§ What needs to be done
Pull out of the data below the stretch of lines bounded by the one containing "Kök yakut, akuamarin" and the one containing "Denim Gömlek Plazzo Pantolon Takım 10163-08", both bounds included, unchanged.

§ Given information
════

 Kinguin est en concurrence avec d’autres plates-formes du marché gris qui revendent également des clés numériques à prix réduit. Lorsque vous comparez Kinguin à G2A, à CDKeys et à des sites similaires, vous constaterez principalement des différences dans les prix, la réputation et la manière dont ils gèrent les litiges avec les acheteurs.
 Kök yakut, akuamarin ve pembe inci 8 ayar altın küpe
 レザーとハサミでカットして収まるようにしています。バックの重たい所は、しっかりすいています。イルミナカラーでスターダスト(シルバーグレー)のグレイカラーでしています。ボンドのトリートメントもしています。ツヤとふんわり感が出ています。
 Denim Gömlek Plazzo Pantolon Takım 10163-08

════

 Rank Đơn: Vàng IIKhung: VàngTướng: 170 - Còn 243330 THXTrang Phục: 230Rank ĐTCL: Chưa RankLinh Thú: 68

════

§ Task solution
 Kök yakut, akuamarin ve pembe inci 8 ayar altın küpe
 レザーとハサミでカットして収まるようにしています。バックの重たい所は、しっかりすいています。イルミナカラーでスターダスト(シルバーグレー)のグレイカラーでしています。ボンドのトリートメントもしています。ツヤとふんわり感が出ています。
 Denim Gömlek Plazzo Pantolon Takım 10163-08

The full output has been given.